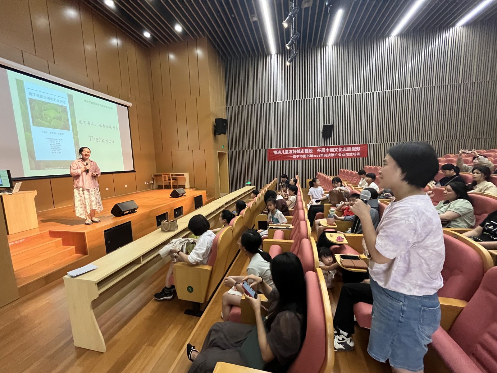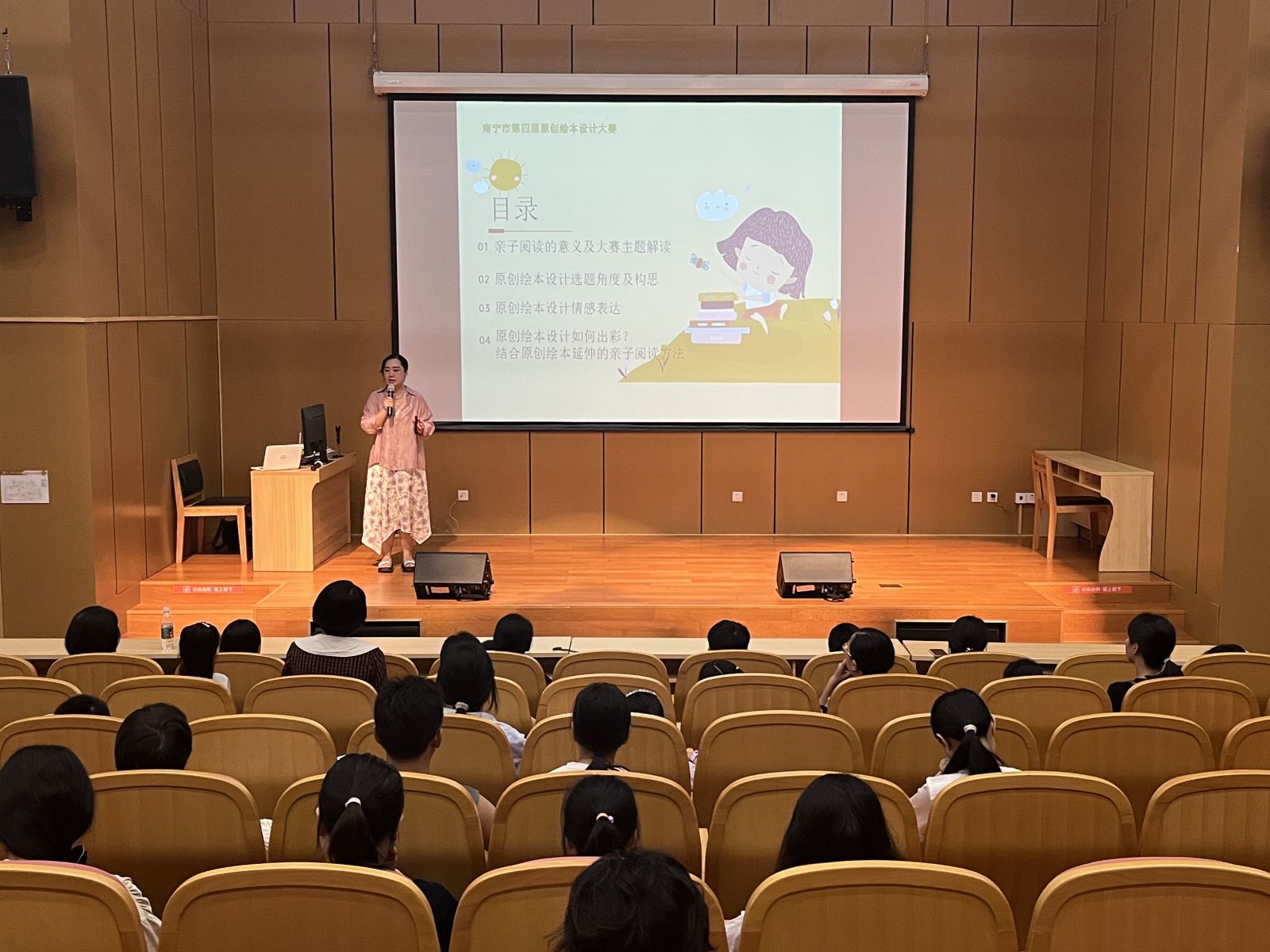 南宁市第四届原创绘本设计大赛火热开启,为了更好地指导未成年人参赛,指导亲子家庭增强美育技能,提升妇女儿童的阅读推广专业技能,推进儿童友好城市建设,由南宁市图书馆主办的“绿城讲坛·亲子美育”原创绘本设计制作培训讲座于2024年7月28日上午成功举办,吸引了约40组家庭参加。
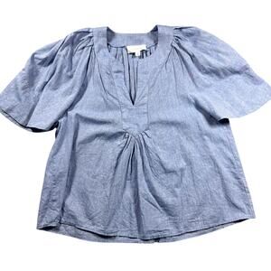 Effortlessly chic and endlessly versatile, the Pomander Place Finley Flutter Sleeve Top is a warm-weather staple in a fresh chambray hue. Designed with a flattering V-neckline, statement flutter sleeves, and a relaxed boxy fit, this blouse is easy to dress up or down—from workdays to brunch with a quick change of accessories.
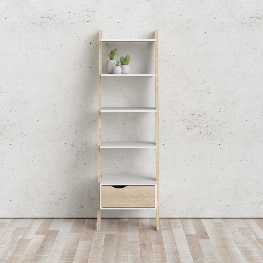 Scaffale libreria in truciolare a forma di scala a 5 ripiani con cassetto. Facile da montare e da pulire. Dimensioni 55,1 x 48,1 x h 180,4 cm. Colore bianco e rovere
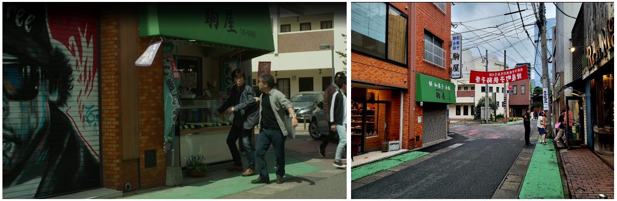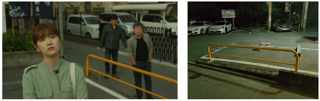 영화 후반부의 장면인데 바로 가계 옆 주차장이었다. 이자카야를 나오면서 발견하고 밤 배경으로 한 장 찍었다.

==

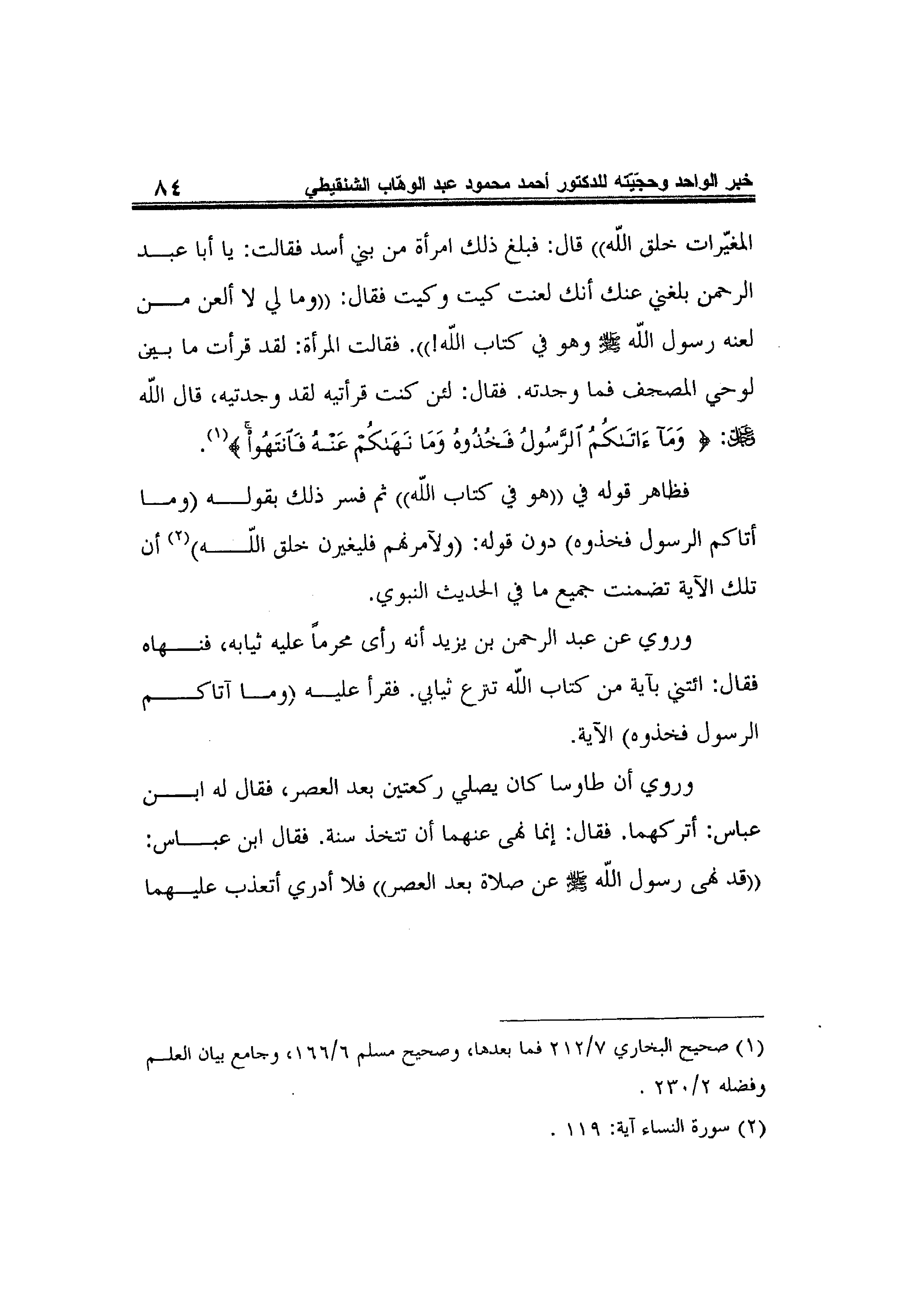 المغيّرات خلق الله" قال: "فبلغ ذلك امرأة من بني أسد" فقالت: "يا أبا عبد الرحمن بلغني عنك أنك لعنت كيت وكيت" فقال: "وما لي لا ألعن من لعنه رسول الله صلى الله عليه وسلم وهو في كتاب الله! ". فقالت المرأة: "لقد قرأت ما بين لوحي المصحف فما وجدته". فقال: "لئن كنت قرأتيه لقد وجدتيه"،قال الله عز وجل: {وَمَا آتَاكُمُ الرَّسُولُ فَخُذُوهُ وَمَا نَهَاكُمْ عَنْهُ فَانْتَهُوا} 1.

• [What is required]: Excerpt from the records above: set down only the lines from the one that contains "Effortlessly chic and" through the one that contains "영화 후반부의 장면인데", inclusive, word for word. Pictures stay out.

• [Answer box]:
 Effortlessly chic and endlessly versatile, the Pomander Place Finley Flutter Sleeve Top is a warm-weather staple in a fresh chambray hue. Designed with a flattering V-neckline, statement flutter sleeves, and a relaxed boxy fit, this blouse is easy to dress up or down—from workdays to brunch with a quick change of accessories.
 Scaffale libreria in truciolare a forma di scala a 5 ripiani con cassetto. Facile da montare e da pulire. Dimensioni 55,1 x 48,1 x h 180,4 cm. Colore bianco e rovere
 영화 후반부의 장면인데 바로 가계 옆 주차장이었다. 이자카야를 나오면서 발견하고 밤 배경으로 한 장 찍었다.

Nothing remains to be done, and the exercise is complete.